郑木生一瘸一拐地从华人街出来,背后的那个瘦猴打手依旧不紧不慢地吊在十几步外。
他没有绕弯,径直回了码头苦力棚。
一掀开破草帘,陈阿火便像头焦躁的黑熊般迎了上来,拉扯着他的褂子:“拿到钱没?你快给老子亮个底,老子昨晚站得骨头都酥了,可别真带回来几句纸面上的虚话。”
郑木生让陈阿火背过身去,这才将怀里的纸钞亮了一角。
陈阿火那双牛眼登时直了,手指动了动,又赶忙缩了回去:“十……十块现洋?!这帮写字的人当真没拿假银票糊弄你?!”
“先拿十块。赎身不够,但待会儿够我去巴拉姆桌前跟他讲数了。”
郑木生将钱收好,“阿火,先别对外张扬。老罗叔知道便成,狗剩年纪小藏不住事,如果他问起,只说是报社发了两分钱读旧报纸的辛苦脚程费。”
“晓得,我这嘴,你放心便是。”
同一时间,码头最深处的木屋里。
瘦猴打手气喘吁吁地推开门,将自己一路吊梢所见的事一字不差地报给了巴拉姆。
巴拉姆正光着膀子用帕子抹汗,听到最后,手头的动作猛地一停。
“那烂腿的猪仔,在报馆待了快一个时辰?出来时兜里是鼓着的?”
“是,那小子捂得严实,出大门时连腰杆都挺直了几分,一准是拿到了大钱。”
巴拉姆那张布满横肉的脸上,缓缓挤出了一抹阴鸷而贪婪的冷笑。
“一个吃码头脏水、欠了老子十五块船债的野狗,进了趟洋学堂的报馆就拿到了现洋?这钱路既然生了出来,他要是想偷偷藏私还债,就得先教教他什么叫码头的规矩。”

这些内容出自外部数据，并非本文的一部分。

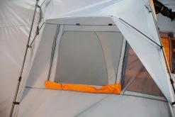 De ventilatieopening aan de zijkant zorgt voor een optimale luchtcirculatie en de aparte ventilatieafdekking boven het tentdak beschermt tegen regen en sneeuw.

他霍然站起身来,将那根沉甸甸的铜头藤条狠狠往桌子上一摔:
“明天等新报纸一出,老子要亲自去会会这个在纸上画画的后生。若是问不出他背后的路子,老子就让他明白,这码头的钱,没那么容易被他糊弄过去。”
此时的民声报排版房里,铅版已经上了印刷机滚筒。
副刊最拐角那一栏的铅字,正整整齐齐地泛着铅灰色的亮光。
明日清晨新报一出,这《天龙八部》的第一声呐喊,便要彻底响彻在这槟城码头的咸腥风里。